- **EXERCISE**
Beginning at the line that holds "Analyzing a Laptop: Two", transcribe each line exactly through the end of the records, and leave any pictures out.

- **STORED DATA**

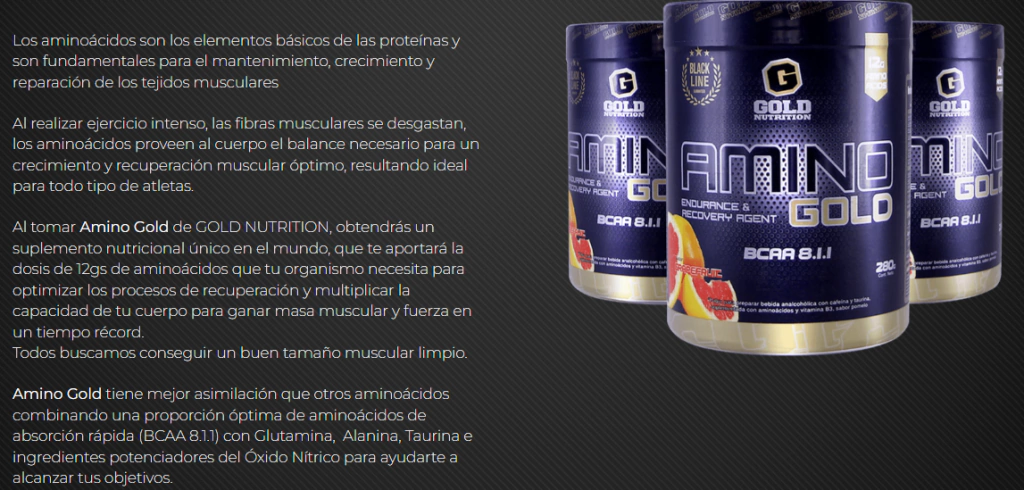 Amino Gold de GOLD NUTRITION es una avanzada fórmula de aminoácidos de cadena ramificada (BCAAs) enriquecida con L-Glutamina y electrolitos, diseñada para maximizar el rendimiento durante el entrenamiento y acelerar la recuperación muscular.
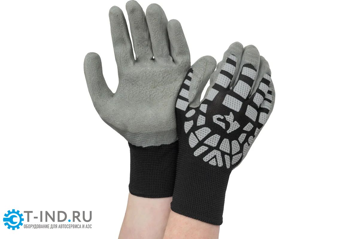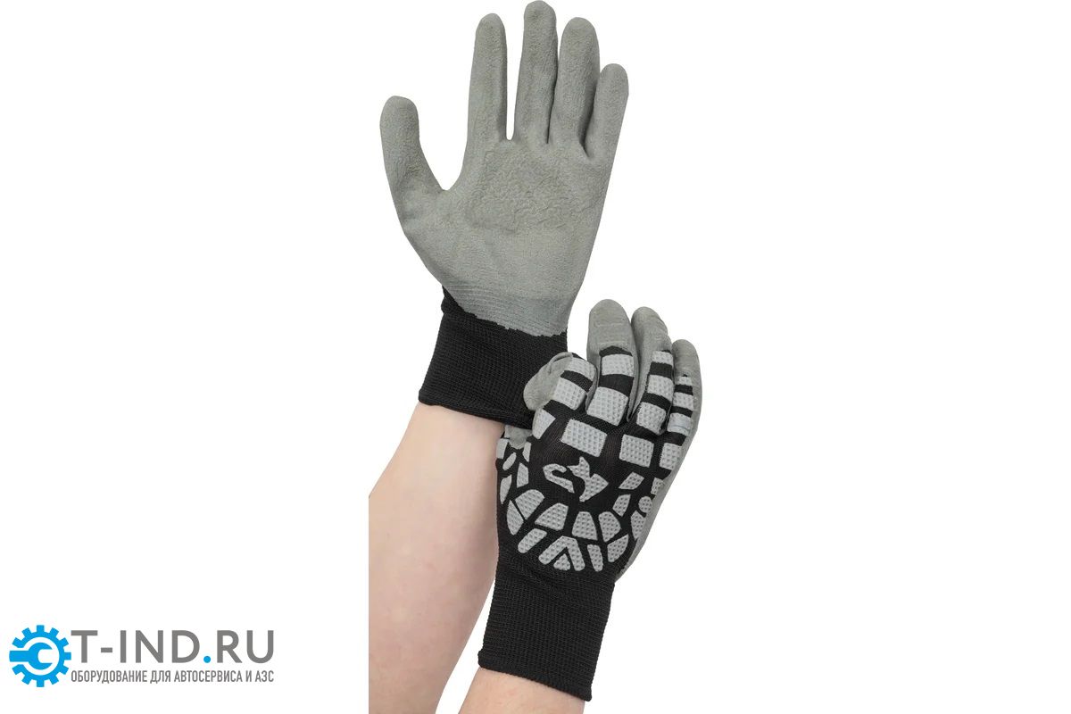 Трикотажные полиэфирные перчатки GGPL-110 с покрытием вспененным латексом и антивибрационными накладками, р-р 10
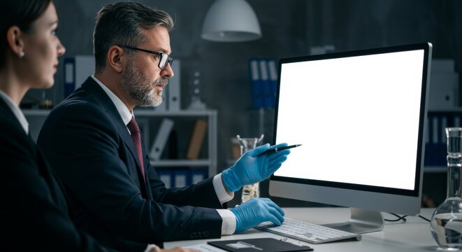 Analyzing a Laptop: Two figures collaborate, analyzing a laptop on a clean, modern desk in an inviting office setting, where efficiency and innovation thrives.
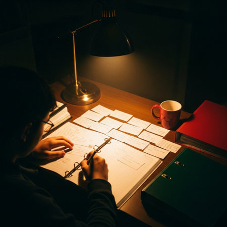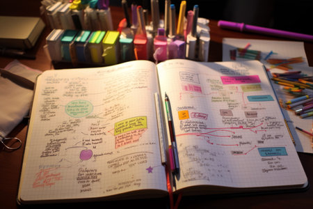 Desk scene with notepad, sticky labels, and open planner under soft lighting
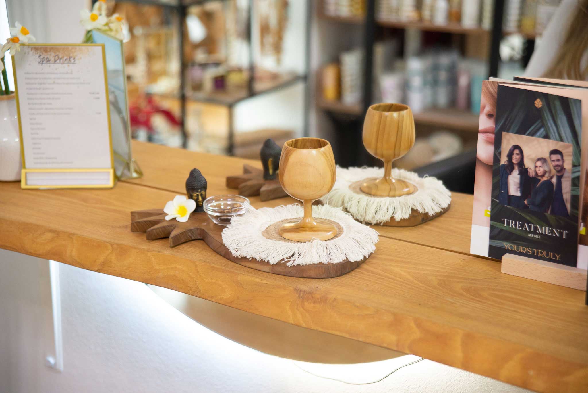 Schon das Begrüßungsritual im Yours Truly Partnersalon The Bridal Spa ist einzigartig: Jeder Kunde wird in seinem persönlichen Stylingraum mit einem balinesischen Wellness-Tee empfangen. „Meine Gäste sollen sich wie im Urlaub fühlen. Alles ist auf Entspannung ausgerichtet“, erklärt Inhaberin Sandy.

- **REPLY**
 Analyzing a Laptop: Two figures collaborate, analyzing a laptop on a clean, modern desk in an inviting office setting, where efficiency and innovation thrives.
 Desk scene with notepad, sticky labels, and open planner under soft lighting
 Schon das Begrüßungsritual im Yours Truly Partnersalon The Bridal Spa ist einzigartig: Jeder Kunde wird in seinem persönlichen Stylingraum mit einem balinesischen Wellness-Tee empfangen. „Meine Gäste sollen sich wie im Urlaub fühlen. Alles ist auf Entspannung ausgerichtet“, erklärt Inhaberin Sandy.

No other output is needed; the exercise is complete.